Muitas células e doenças neurodegenerativas estão ligados à formação de agregados proteicos tóxicos que causam a morte celular. Representantes proeminentes dessas doenças são a doença de Alzheimer e o tipo 2 diabetes mellitus, com mais de 50 milhões e 400 milhões de pacientes em todo o mundo, respectivamente. É importante ressaltar que o número de pacientes com Alzheimer e diabetes continua a aumentar, à medida que a população envelhece. No entanto, as duas doenças permanecem até agora incuráveis. Portanto, há uma necessidade urgente de novas abordagens terapêuticas.
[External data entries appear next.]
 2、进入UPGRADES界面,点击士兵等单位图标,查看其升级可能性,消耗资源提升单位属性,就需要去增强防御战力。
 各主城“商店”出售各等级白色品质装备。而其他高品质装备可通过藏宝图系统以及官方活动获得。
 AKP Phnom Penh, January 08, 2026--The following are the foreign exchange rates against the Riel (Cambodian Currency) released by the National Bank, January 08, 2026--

Visando a formação de substâncias nocivas amilóide agregados é uma abordagem promissora. Uma equipe liderada por Afrodite Kapurniotu, professora de Bioquímica de Peptídeos na Universidade Técnica de Munique (TUM), desenvolveu um novo peptídeos sintéticos, que são capazes em modelos experimentais de bloquear a agregação amiloide tóxica ligada a ambas as doenças. Suas pesquisas são publicadas em Comunicações da Natureza.
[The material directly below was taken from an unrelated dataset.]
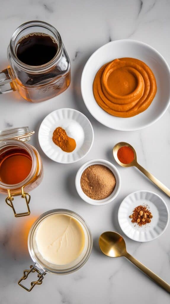 You can pre-mix the pumpkin, sugar, and spice into a little jar and just stir it into fresh coffee whenever you’re ready. The whipped cream can be whipped and stored in the fridge for 1–2 days.

Interações moleculares entre doença de Alzheimer e diabetes tipo 2
Estudos anteriores mostraram que certas “interações cruzadas” entre as proteínas amiloidogênicas das duas doenças aceleram drasticamente seu processo de agregação amiloide. Essas descobertas podem explicar por que as pessoas que sofrem de uma das duas doenças podem ter um risco aumentado para a outra doença também.
A equipe desenvolveu peptídeos sintéticos que podem funcionar como inibidores eficazes da agregação amiloide em ambas as doenças. O Prof. Kapurniotu diz: “Os peptídeos projetados são de fato capazes de ligar as proteínas amiloidogênicas ligadas a ambas as doenças e suprimir efetivamente tanto a agregação amiloide citotóxica quanto as interações de aceleração cruzada de amiloide. Notavelmente, embora os agregados mistos formados pelas interações dos peptídeos projetados com as proteínas amiloidogênicas parecem muito semelhantes aos agregados amiloides prejudiciais, eles são completamente desprovidos de efeitos citotóxicos. Além disso, esses agregados mistos semelhantes a amiloides tornam-se mais eficientemente absorvidos pelas células imunes fagocitárias do que os agregados amiloides.”
Estudos futuros para pavimentar o caminho para a aplicação médica
Evidências crescentes sugerem que a doença de Alzheimer e o diabetes tipo 2 estão ligados um ao outro. O Prof. Kapurniotu acredita, assim, que os peptídeos projetados podem ser candidatos valiosos para o desenvolvimento de medicamentos para o tratamento de ambas as doenças.
UMA pedido de patente já foi arquivado pela TUM. Estudos adicionais estão agora planejados para traduzir os resultados dos modelos experimentais para a clínica.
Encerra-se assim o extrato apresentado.